Character data is, in most modern machines, managed as 8-bit bytes. (In some cases the characters are 16 or 32 bits, but that's just confusion at this juncture.)
If you look at an ASCII table you will see the basic "Latin" character set:
The individual characters are identified by an 8-bit byte where (for the basic ASCII chars) the high-order bit is zero. So values run between 0 and 127, or between 00 and 7F hex (or between 00000000 and 01111111 binary).
I should inject here that the first 32 codes are non-printing codes for "control characters". Eg, the code at decimal 10 or hex 0A is the "line-feed" code, which is the code known in C and Java as "newline". And the 00 code is the "NUL" character as mentioned below.
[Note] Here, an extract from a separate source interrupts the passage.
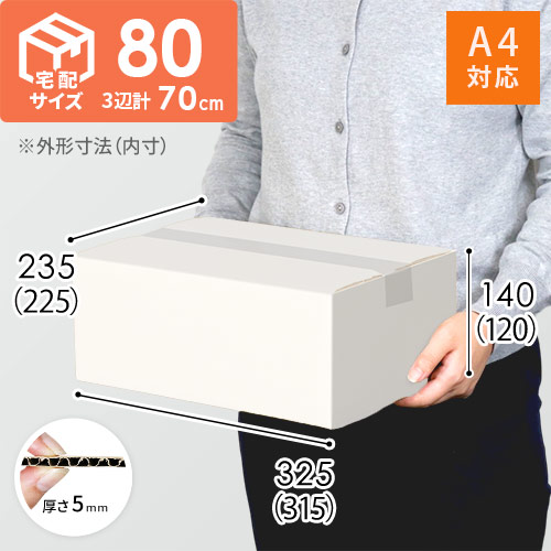 宅配80サイズで発送できる底面A4の白ダンボール箱。通販ギフト発送やパッケージなどにおすすめです。

The characters in a sentence are laid out in order in memory, in successive bytes. Hence, "Hello" will be 48 65 6C 6C 6F
in hex. For C and C++ a simple "C string" is always ended with a byte of all zeros (the "NUL" character in the chart). For Java the length of the string is in a separate variable somewhere else. A few character coding schemes "prefix" the string with it's length as an 8-bit or 16-bit value.
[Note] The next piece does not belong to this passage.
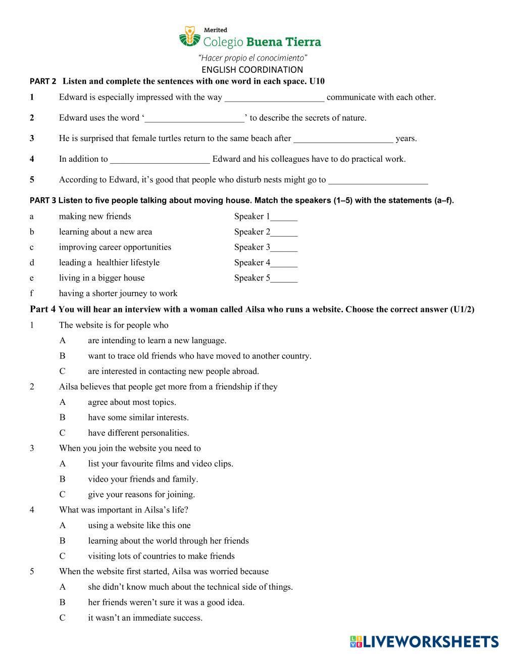 Created byJoanna Lazos ESL English B1 (ระดับกลางต่ำ) การฟัง English คำแนะนำของผู้เขียน Listen and solve. My Google Classroom Courses × 0 classes selected (0 students total) Quick Access Select all classes (0 classes) All Classes Loading courses... ยกเลิก Share Share to selected Course __COURSE_NAME__ __STUDENT_NAME__ (__STUDENT_EMAIL__) 4th Term Listening Exam ดาวน์โหลด Worksheet Validation Check my answers Emails my answers to my teacher ชื่อเต็ม Group/level School subject Teacher's email or key code Close ส่งข้อมูล Validating worksheet... (12) Your answers have been sent to your teacher. Good luck! OK We encountered an error submitting your answers. Please try again. OK โฆษณา | ใช้งานแบบไม่มีโฆษณา Created byJoanna Lazos ESL English B1 (ระดับกลางต่ำ) การฟัง English คำแนะนำของผู้เขียน Listen and solve. สำรวจแผ่นงาน Listening 19 ESL B1 Listening 19 Listening - ESL Take screenshots of your homework! Listening Ex. > Spelling Cities and Names ESL B1 Listening Ex. > Spelling Cities and Names Listening - ESL Listen and spell correctly the words you hear. Sunday Bloody Sunday B1 Listening Ireland St. Patrick's Day ESL B1 Sunday Bloody Sunday B1 Listening Ireland St. Patrick's Day Listening - ESL Listen and click the correct words. We are doing this as part of our Saint Patrick's Day activities Mini Listening Test ESL B1 Mini Listening Test Listening - ESL Choose the correct answer

As you can see above, the ASCII character set includes non-alphabetic characters such as !
and +
and ?
. For "non-Latin" characters (eg, the character £
or Ç
) one of several techniques is used to "extend" the character set. Sometimes those 8-bit characters with values of 128 to 255 are used to represent the non-Latin characters of a given language (though one must know which language in order to know which set of characters is being represented). In other cases "Unicode" is used, with 16-bit or 32-bit characters instead of 8-bit characters, so that virtually every character in every language has its own unique code.